Data segment:

------

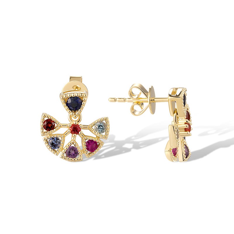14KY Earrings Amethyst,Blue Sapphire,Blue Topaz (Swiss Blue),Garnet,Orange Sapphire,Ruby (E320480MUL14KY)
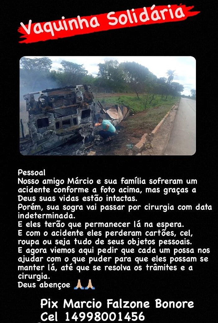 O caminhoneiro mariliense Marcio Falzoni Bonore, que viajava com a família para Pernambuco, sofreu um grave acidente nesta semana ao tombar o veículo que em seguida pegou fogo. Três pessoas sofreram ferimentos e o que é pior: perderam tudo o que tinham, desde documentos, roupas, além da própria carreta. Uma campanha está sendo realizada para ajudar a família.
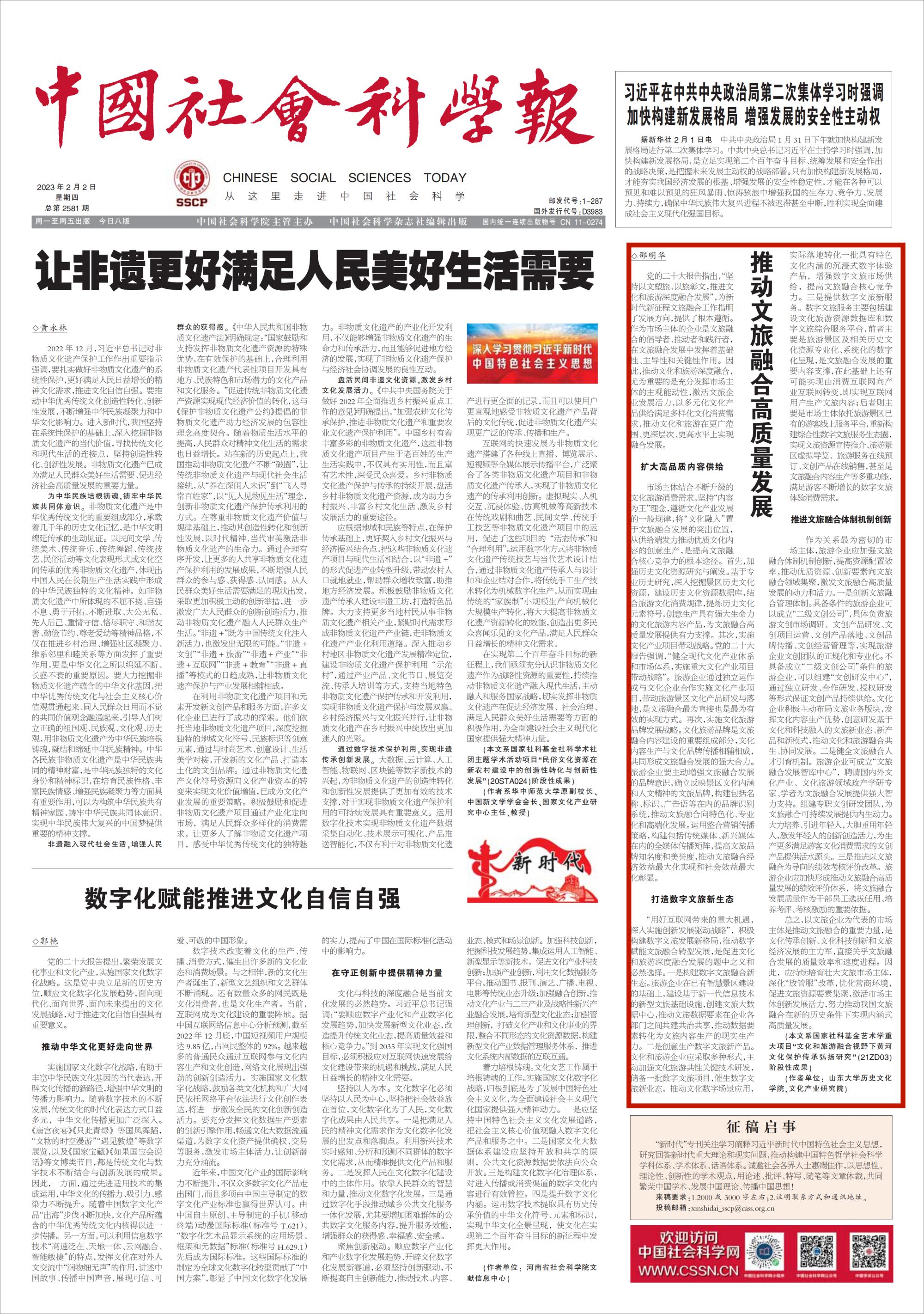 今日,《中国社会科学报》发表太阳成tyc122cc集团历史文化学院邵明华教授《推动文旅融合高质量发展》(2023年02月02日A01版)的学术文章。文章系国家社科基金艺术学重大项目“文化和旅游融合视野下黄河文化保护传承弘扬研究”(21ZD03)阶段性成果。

------

Exercise directions: Set down the material above as is, without any pictures.

Result of the exercise:
14KY Earrings Amethyst,Blue Sapphire,Blue Topaz (Swiss Blue),Garnet,Orange Sapphire,Ruby (E320480MUL14KY)
 O caminhoneiro mariliense Marcio Falzoni Bonore, que viajava com a família para Pernambuco, sofreu um grave acidente nesta semana ao tombar o veículo que em seguida pegou fogo. Três pessoas sofreram ferimentos e o que é pior: perderam tudo o que tinham, desde documentos, roupas, além da própria carreta. Uma campanha está sendo realizada para ajudar a família.
 今日,《中国社会科学报》发表太阳成tyc122cc集团历史文化学院邵明华教授《推动文旅融合高质量发展》(2023年02月02日A01版)的学术文章。文章系国家社科基金艺术学重大项目“文化和旅游融合视野下黄河文化保护传承弘扬研究”(21ZD03)阶段性成果。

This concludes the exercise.